Indépendemment des deux saisons dont je viens de vous parler, on donne dans quelques villes, le Primavera c’est-à-dire, au printems, un opéra. On en donne encore à Vénise dans trois théâtres pour la fête de l’Ascension. Il est bon de savoir qu’à Alexandrie, Bergame, Reggio, etc. on réprésente encore aux époques des foires, de grandes opéras ornés de ballets. Comment voudriez-vous, Monsieur, qu’on imprimât tous ces opéras. Nous n’en donnons que deux ou trois en France par an ; on les grave. Reste à savoir, s’ils en méritent la peine et la dépense.

En France, dîtes-vous, on joue un opéra autant que le public le trouve agréable, et vingt années de succès ne sont pas un motif pour être chassé du théâtre. Il seroit bien barbare de chasser les productions sublimes ; elles sont si précieuses et si rares, que nous fesons très-sagement de les chérir et de les conserver. Je me borne, Monsieur, à deux questions ; que sont devenus les ouvrages de Mondonville, de Dauvergne, de Floquet, de Monsigny et de quantité d’autres compositeurs ? que sont devenus ceux de Rameau, que l’on peut compter ? que nous réste-t-il enfin de ces sublimes productions musicales, qui dans leur tems ont acquis le droit de passer à la postérité ? on a abandonné le chant et la mélodie enchanteresse de Piccini. Que conservons - nous donc de tous les opéras qu’on nous à donnés, et qui n’ont obtenu qu’un demi-succès ? Il nous restera, Monsieur, Gluck et Sacchini. La parque les à moissonnés : tous deux étoient étrangers.

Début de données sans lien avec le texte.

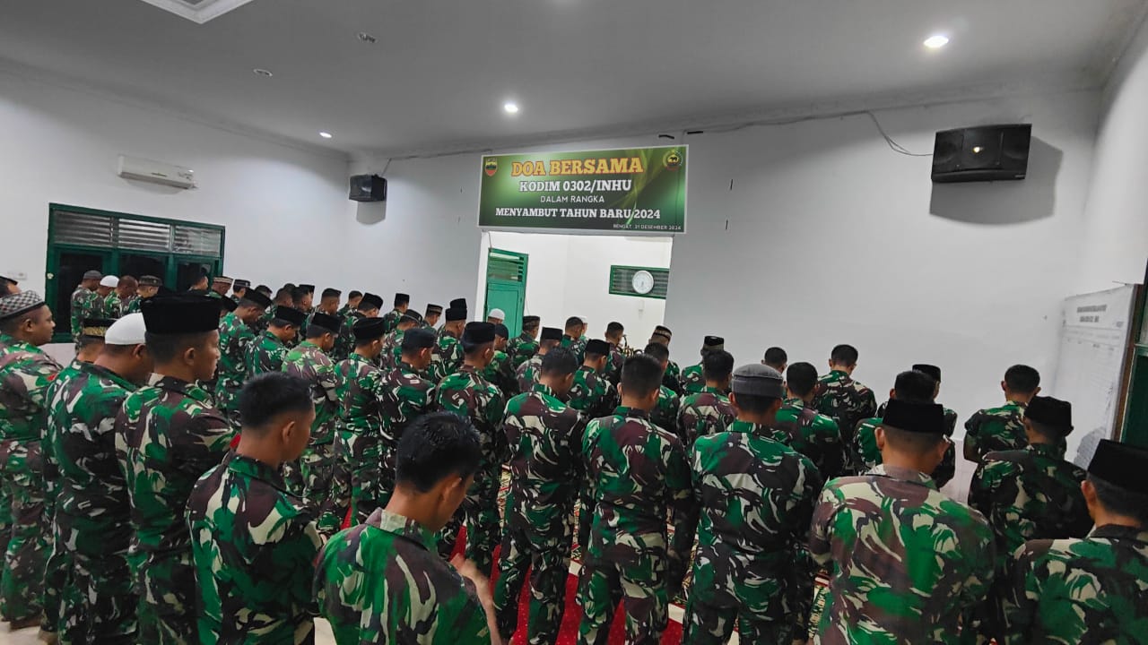 Mimbarriau.com, Rengat -- Menyambut datangnya tahun baru, Kodim 0302/Inhu menggelar acara sholat berjamaah dan doa bersama di Masjid an-nur Makodim 0302/Inhu. Jln melur kelurahan Sekip Hulu Kecamatan Rengat Kabupaten Indragiri Hulu yang di laksanakan pada Minggu sore (31/12/2023).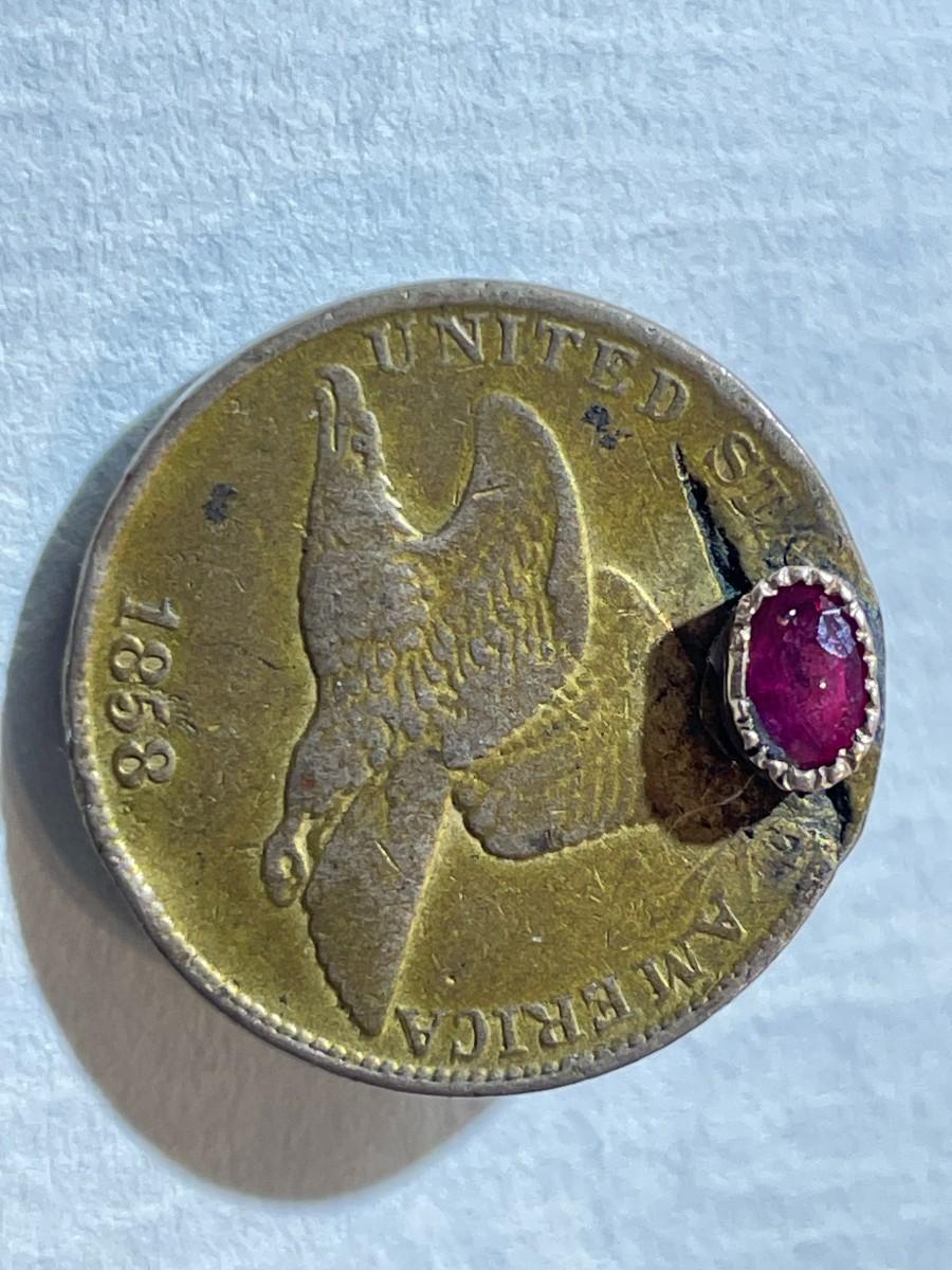 ANTIQUE CIVIL WAR/WWI ERA 1858 FLYING EAGLE CENT LAPEL PIN w/REAL RUBY STONE MOUNTED AS PICTURED.

Mais en voilà assez pour aujourd’hui. Je finis ma lettre en vous en promettant une seconde, peut-être, une troisième, que sais-je, une quatrième ; car la musique, cet art devin et difficile, ne doit pas être traité avec légèreté. Si nous avons la générosité de graver tout, d’imprimer tout, et de parler des pays étrangers, sans les avoir habités, sans en connoître l’esprit, le caractère et les mœurs ; il est bon, à mon sens, de relever les erreurs que l’engouement et l’esprit de parti peuvent très-innocemment faire commettre.

Je suis, etc.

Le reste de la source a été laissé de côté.